KVM log of the VM /var/log/libvirt/qemu/one-1667.log says only:
2016-03-08 09:55:15.982+0000: shutting down
If I try to execute virsh --connect qemu:///system create /var/lib/one/datastores/108/1667/deployment.0 I get the same error as previously error: Failed to create domain from /var/lib/one/datastores/108/1667/deployment.0 error: Failed to open file '/var/lib/one//datastores/108/1667/disk.1': No such file or directory
Like said previously disk.1 file is not transferred in the directory but I cannot find the reason why.

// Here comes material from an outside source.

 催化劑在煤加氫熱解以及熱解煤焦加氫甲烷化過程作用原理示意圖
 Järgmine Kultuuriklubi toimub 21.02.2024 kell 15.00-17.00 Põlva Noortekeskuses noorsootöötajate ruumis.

Oned.log, syslog, dmesg provides no further insight into the problem.
Any idea where can I look further to find more detail on the error or how can I proceed with solving it first.
It looks like datastore 108, the system datastore, is using TM_MAD=ceph, can you change that to TM_MAD=ssh? in fact, you have named it “system_ssh_ceph”, do you know if you’ve changed the TM for some reason?
That was the problem for one of the controller nodes (we have two clustered over pacemaker/corosync) the other one does not create rbd context file. But that is other thing to deal with.
I don’t know how the driver was changed, I did restart the OpenNebula services though, but didn’t touch the config, didn’t see the point in altering the configuration that was working previously.